Re: AES128 key predictability
- From: Phil Carmody <thefatphil_demunged@xxxxxxxxxxx>
- Date: Tue, 29 Apr 2008 04:27:25 +0300
Derek Fountain <nomail@xxxxxxxxxxxxxxx> writes:
AES was designed such that even if the keys it used
successively were K, K+1, K+2, K+3, ..., there
would be no way of determining K,
As I said in the original post, I'm suspicious of the device's entropy.
I doubt the designer did something as daft as use a time-based key
creation algorithm, but if he did, and analysis shows that pattern, a
brute force might actually work.
With an unknown starting point, even using a time-based
key wouldn't show a weakness, for the same reason that a
simple counter with an unknown starting point would be
difficult to reverse engineer. In fact it would be harder,
because if you're using a contiguous sequence and are
supplying N samples, then there's a trivial attack of
complexity 2^192/N (which is still impractically huge)
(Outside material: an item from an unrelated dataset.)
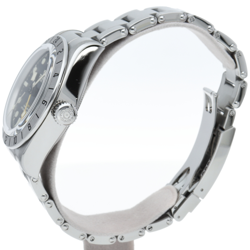 固定式のベゼルに刻印された24時間表示、大きめのイエローの24時間針等、ロレックスの初代エクスプローラー2を彷彿とさせるデザインで話題を呼んだブラックベイプロ。人気機種のフィフティーエイトと同じ39ミリケースを採用しており、日本人の手首周りにも馴染みやすいKサイズ感です。ムーブメントはクロノメーター認定を受け70時間のパワーリザーブを有する、両方向巻上げ式の自社製MT5652を搭載しています。

that is guaranteed to succeed, whereas there's no equivalent
for something that's bases on the time (unless you know
what its dependence on time is).
Forcing it to re-key at very short intervals might tell
you if it was time-based if you can get it to re-key to
exactly the same key.
Note, however, that I'm not an expert in this field, and
I gladly defer to others who know more.
Phil
--
Dear aunt, let's set so double the killer delete select all.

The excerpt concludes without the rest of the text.